Stroke care in Australia inches towards benchmarks

Stroke

By Mardi Chapman

23 Nov 2021

The National Stroke Audit 2021 has revealed improvements in most clinical indicators across the country – even against the backdrop of COVID-19.

Compared to the 2019 Audit, national adherence to Acute Stroke Clinical Care Standard Indicators such as stroke unit care, assessment by a physiotherapist within 24-48 hours of ED arrival, assessment for ongoing rehabilitation, and the development of care plans, have improved incrementally.

The use of a validated stroke screen in the ED improved from 52% to 69% but remains short of the benchmark of 94%.

The Audit showed there was a nationwide decrease in the quality of hyperacute care with thrombolysis within 60 minutes of hospital arrival dropping from 32% in 2019 to 27% in 2021. The benchmark is 66%.

The overall use of thrombolysis in ischaemic stroke has remained unchanged at 11%, compared to 10% in 2019 and 11% in 2017.

The indicators which have the highest levels of adherence in 2021 are use of an antithrombotic on discharge (99%) and lipid-lowering treatment on discharge (92%) for ischaemic stroke.

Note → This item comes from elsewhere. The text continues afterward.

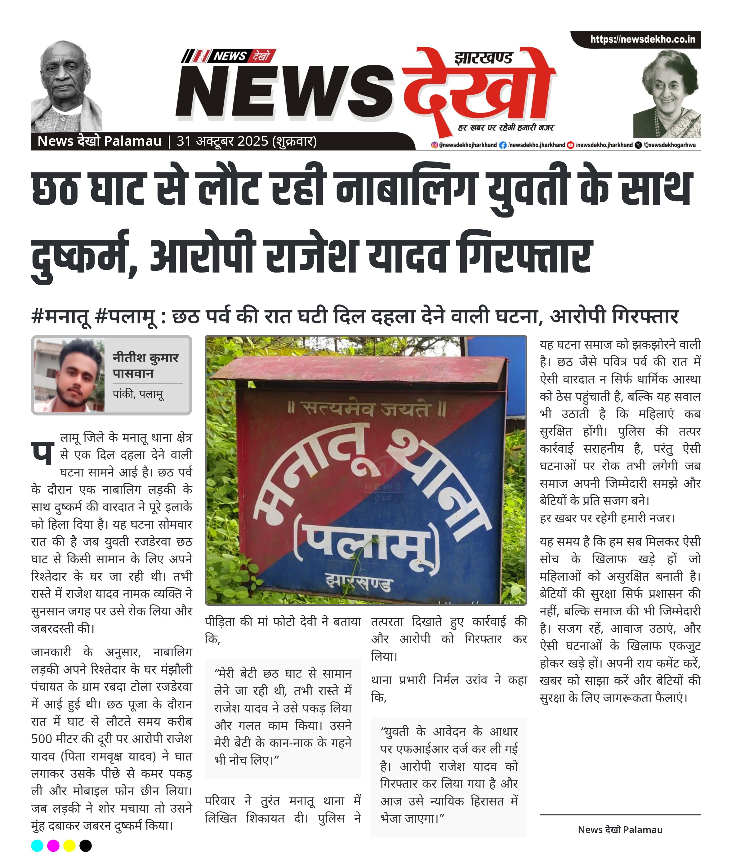 #मनातू #पलामू : छठ पर्व की रात घटी दिल दहला देने वाली घटना, आरोपी गिरफ्तार मनातू थाना क्षेत्र के रबदा टोला रजडेरवा गांव में नाबालिग के साथ दुष्कर्म की वारदात। आरोपी राजेश यादव (40 वर्ष) ने छठ घाट से लौट रही लड़की को बनाया निशाना। पीड़िता की मां फोटो देवी ने पुलिस को दी लिखित शिकायत। आरोपी ने मोबाइल और जेवर छीनकर, मुंह दबाकर किया दुष्कर्म। थाना प्रभारी निर्मल उरांव ने बताया – आरोपी गिरफ्तार, न्यायिक हिरासत में भेजा जाएगा।…

Use of antihypertensives on discharge for all stroke types sits at 78% against a benchmark of 92%.

Discharge on oral anticoagulants for patients with atrial fibrillation and ischaemic stroke sits at 78% compared to a benchmark of 88%.

The audit, of 3,890 stroke cases and 35,652 acute stroke admission across 115 hospitals, found 37% of patients reach hospital within 4.5 hours.

“Our results indicate not enough Australians are aware that stroke is a time-critical medical emergency,” the Stroke Foundation report said.

The national median time from onset of stroke symptoms to thrombolysis was 2 hours 50 minutes – longer than 2 hours 45 mins in 2019 and 2 hours 36 mins in 2017.

The report, whose co-authors include Associate Professor Monique Kilkenny and Professor Dominique Cadilhac of Monash University, said ongoing efforts to improve care should aim to:

  • Increase awareness of the signs of stroke and that stroke is a time-critical medical emergency.
  • Improve equity of access to reperfusion therapies especially in regional, rural, and remote areas. Formal policies and pathways across the whole healthcare system are needed to connect dedicated stroke centres to other hospitals via telehealth.
  • Improve earlier access to thrombolysis to match international benchmarks.
  • Improve access to dedicated stroke unit care and ensure most of the acute care is provided within this unit. Stroke unit teams must have clear medical leadership and a dedicated stroke care coordinator who are actively involved in care.
  • Improve holistic patient care including a greater focus on swallow screening, mood assessment and management of incontinence.
  • Ensure carers are assessed, trained, and connected to community support prior to patient discharge.
  • Ensure all patients are supported through comprehensive discharge processes including a thorough assessment for rehabilitation and a holistic patient-centred discharge care plan.